Product June 22, 2026 · 5 min read By Mike Rosam

Agentic AI for hardware testing: Resilience and agility for sovereign, industrial engineering

The advent of AI-defined hardware

AI transformed how we build software. Now it's going to do the same to how we build physical systems. Autonomous vehicles, industrial robots and reusable rockets are just the tip of the iceberg. Entire factories, grids and supply chains will eventually run with a level of autonomy that's hard to fully picture today.

For world-class engineers, it's a blank canvas. They know how to design, architect and build this state-of-the-art hardware, developing systems that will shape our interaction with the physical world for years to come. But fragmenting supply chains, shifting regulations and a failure to upgrade underlying infrastructure are constraining local capability.

Meanwhile, the rise of global competition is creating increasing pressure for sovereign technology to be delivered faster and at lower cost.

The proliferation of hardware data

The shift to net zero, the rise of interconnected autonomous systems and the emergence of AI have converged to produce data faster than it can be stored, queried, and analysed.
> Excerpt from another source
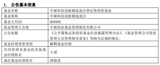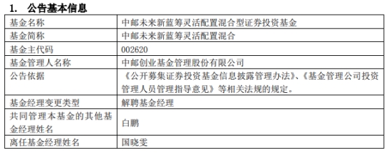 中邮基金国晓雯离任2只基金
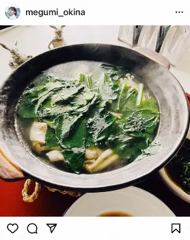 さらに「とんでもなく美味しいお鍋を作ってくれて心まで温まりました」と鍋の写真をアップ。「しっかり食べて、よく眠り、体力をつけたいと思います」とつづった。

For an engineer, time is now sunk configuring data, building infrastructure and navigating complex software systems before any time can be spent designing, architecting or engineering.

In practical terms that looks like a test run completing and nobody being able to answer questions such as:

  • What configuration was running?
  • Was that sensor reading real or a rig artefact?
  • Has this component been through a similar test before?

The information exists somewhere, but it's in a spreadsheet, a Teams message, or the head of the engineer who ran the test.

Introducing Quix for Hardware Testing

Quix for Hardware Testing captures every test with its full configuration. It's designed for resilience across the most ambitious engineering programmes, including those that are iterative, multi-phase, spread across rigs and simulations and in-service assets. Capable of running in multi-cloud, hybrid and on-premise environments, data security and sovereignty are built in by default.

Quix for Hardware Testing comprises five key pillars.

  • QuixPipelines deploys agentic data engineers to build and maintain real-time data pipelines.
  • QuixLake consolidates data from every test in one lakehouse, tagged with its configuration, in open formats on your own blob storage.
  • QuixLab is a Python environment for analysis and correlation across rig, dyno, and simulation data, with agents handling the scripting, with results that are visualised through dashboards and reports.
  • QuixApps lets you build, deploy and host any application, from a single dashboard to a full multi-page tool.
  • QuixAI completes research tasks and validates requirements faster using autonomous AI agents that analyse tagged, consolidated data.

Where it applies

The platform is already being used across some of the most data-intensive environments in hardware development, including Formula 1 racing, automotive, aerospace, defence, manufacturing and energy. It's well suited to environments where the volume and complexity of test and operational data has consistently outgrown the tools available to manage it.

Core use cases include:

Real-time telemetry and decision support: Anomalies surface during the test, not hours later when data has been processed and reviewed. When a reading looks wrong, it's possible to check immediately whether it's a real system behaviour or a sensor issue.

Test data consolidation: MIL, SIL, HIL, dyno runs, physical rigs, in-service hardware are consolidated in one place, with consistent configuration context across the full development cycle.

Simulation against live data: Running a simulation model against real test data in real time closes the loop between virtual and physical development. When correlation drops, it's visible immediately, and model calibration cycles that used to take weeks get shorter.

Manufacturing process optimisation: High-frequency data is captured continuously across manufacturing operations, tagged with full process configuration, and fed into an ML model that improves set-points over time. The result is fewer rejected parts, less rework, and measurably better throughput from the same equipment without additional capital investment.

Test file ingestion: Test data arrives in a mix of vendor-specific formats including TDMS, ROS bag files, LabVIEW exports and CSV drops from bench rigs. Quix ingests all of it through a single pipeline, normalises it against a consistent schema, and enriches each record with test configuration metadata at the point of ingestion, with no bespoke per-format connectors or manual conversion step required.

Asset monitoring and optimisation: Sensor data from in-service assets is ingested continuously, enriched with contextual inputs, and fed into ML models that surface operational decisions in real time, replacing manual processes with automated, threshold-driven triggers.

We'll be providing a first look of the release this week at the Automotive Testing Expo, booth 1782. Stop by if you're attending, or, contact us here to book a demo.

You can also download a deep dive into the QuixAI architecture here.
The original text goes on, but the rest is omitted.